Questo porta a chiederci, però, perché questo mutamento sia stato possibile nei primi anni Sessanta e non prima. Lei ha scritto che «il mondo deve essere pronto per certe cose, il mondo dell’arte non meno che quello reale». Ci vuole spiegare meglio cosa intende?

Veramente non so spiegare la questione fino in fondo. Sarei tentato di dire che una cosa del genere è stata possibile solo negli anni Sessanta perché prima esistevano idee a-priori relative a quale aspetto dovesse avere un oggetto d’arte e cosa dovesse essere l’arte. Non so perché tutto questo abbia smesso di essere vero negli anni Sessanta, ma si è trattato comunque di una rivoluzione incredibile, che si è manifestata quando gli artisti hanno cominciato non solo a premere sui limiti e i confini stabiliti, ma persino a metterne in discussione l’esistenza.
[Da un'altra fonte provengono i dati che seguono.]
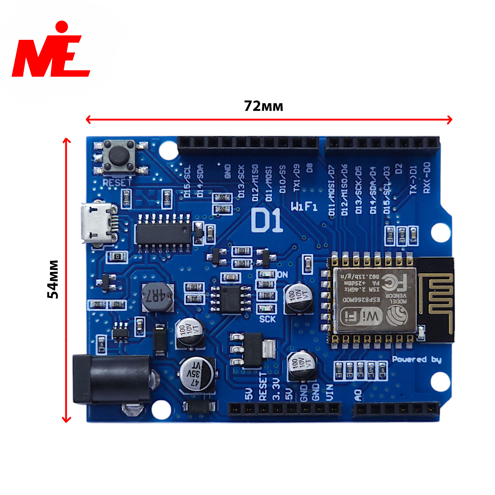 WeMos D1 — это мощная платформа для создания устройств «Интернета вещей» (IoT), объединяющая производительность популярного Wi-Fi модуля ESP8266 и удобный форм-фактор классической Arduino UNO. «Сердцем» платы служит чип ESP-12E с тактовой частотой 80 МГц (до 160 МГц) и 4 МБ флеш-памяти, что значительно превосходит возможности стандартных AVR-контроллеров. Благодаря совместимой распиновке и размерам, вы можете использовать многие существующие корпуса и платы расширения (шилды) от UNO, что существенно упрощает сборку проектов.
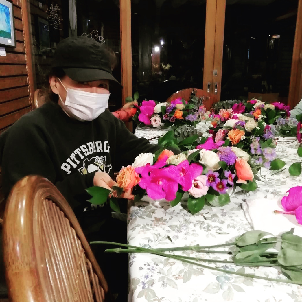 山鳩では月に2回、閉店後のお店でフラワーアレンジメントのワークショップを行っています。青梅の「花かいどう」より…
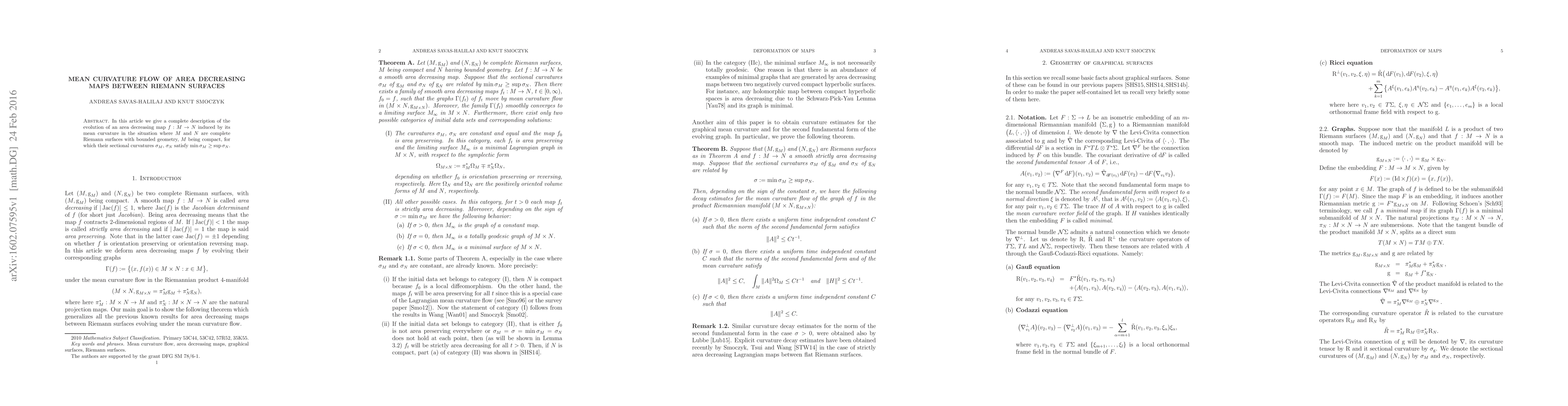 This paper provides a detailed analysis of the mean curvature flow for area decreasing maps between compact Riemann surfaces, under conditions where the sectional curvatures of the surfaces satisfy $\min\sigma_M \ge \sup\sigma_N$. The study focuses on the evolution induced by the mean curvature.

Credo che questa pressione sui limiti rappresenti il tratto distintivo degli anni Sessanta, e che da questo punto di vista costituiscano il vero inizio della contemporaneità.

Lei stesso ha riconosciuto che Duchamp per primo ha operato il «miracolo di trasformare in lavori d’arte» oggetti comuni. Eppure il prisma attraverso il quale lei legge l’arte che definisce post-storica è rappresentato soprattutto dalle opere di Warhol. Perché?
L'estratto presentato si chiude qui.